→ **Data below**
++++

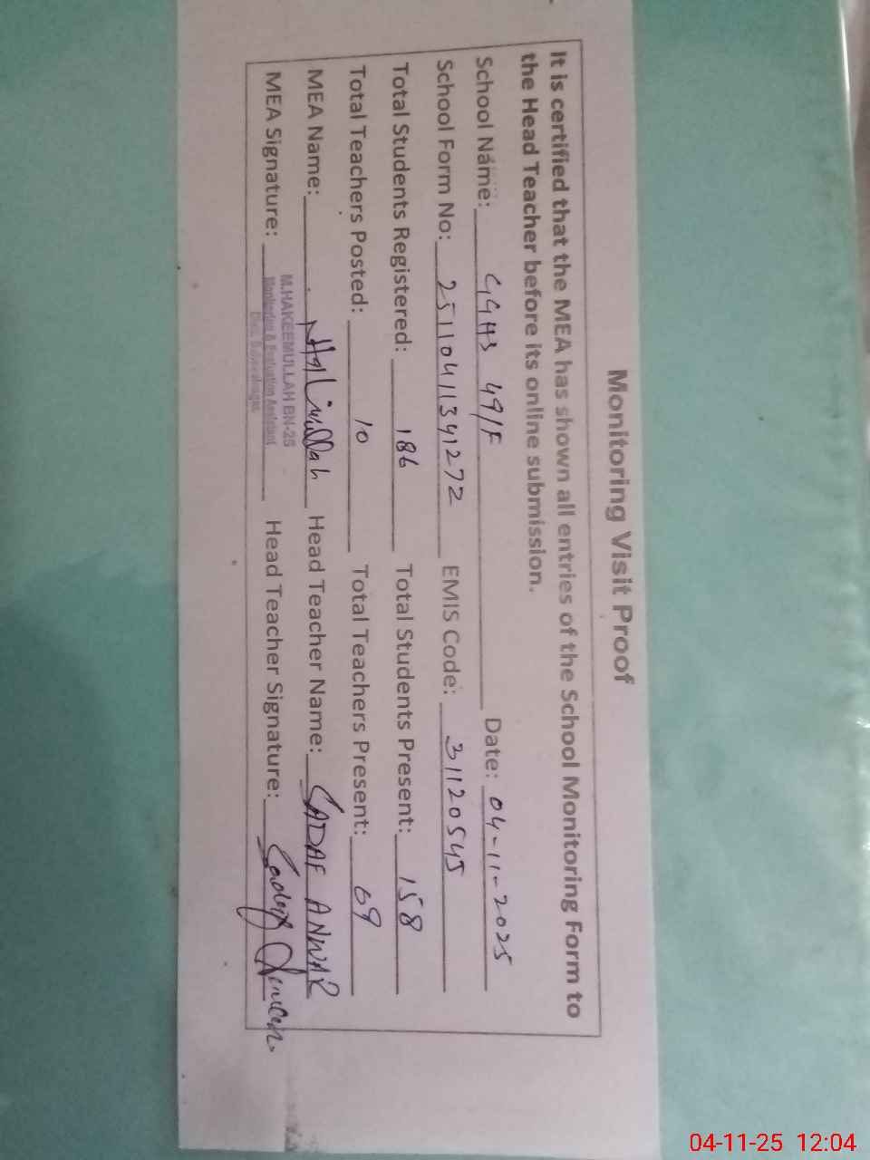 | Attendance Register | Head Teacher | MEA with School | Visit Proof |
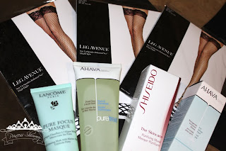 Fishnets, Lancome, AHAVA and Shiseido face masks.
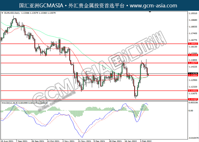 20220214 EURUSD by willy | Feb 14, 2022 | 欧元兑美元 | 0 comments EURUSD,Daily:欧美震荡下行。MACD已形成死叉,动能转弱,若下破可继续看空。上方关注1.1455压力和1.1530压力,下方关注1.1340支撑和1.1195支撑。
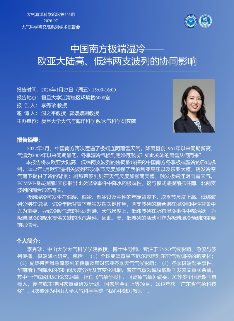 2026/01/23 -李秀珍- 中国南方极端湿冷——欧亚大陆高、低纬两支波列的协同影响

++++

→ **Problem details**
Would you copy out the material above exactly, without the pictures in it?

→ **Exercise result**
 | Attendance Register | Head Teacher | MEA with School | Visit Proof |
 Fishnets, Lancome, AHAVA and Shiseido face masks.
 20220214 EURUSD by willy | Feb 14, 2022 | 欧元兑美元 | 0 comments EURUSD,Daily:欧美震荡下行。MACD已形成死叉,动能转弱,若下破可继续看空。上方关注1.1455压力和1.1530压力,下方关注1.1340支撑和1.1195支撑。
 2026/01/23 -李秀珍- 中国南方极端湿冷——欧亚大陆高、低纬两支波列的协同影响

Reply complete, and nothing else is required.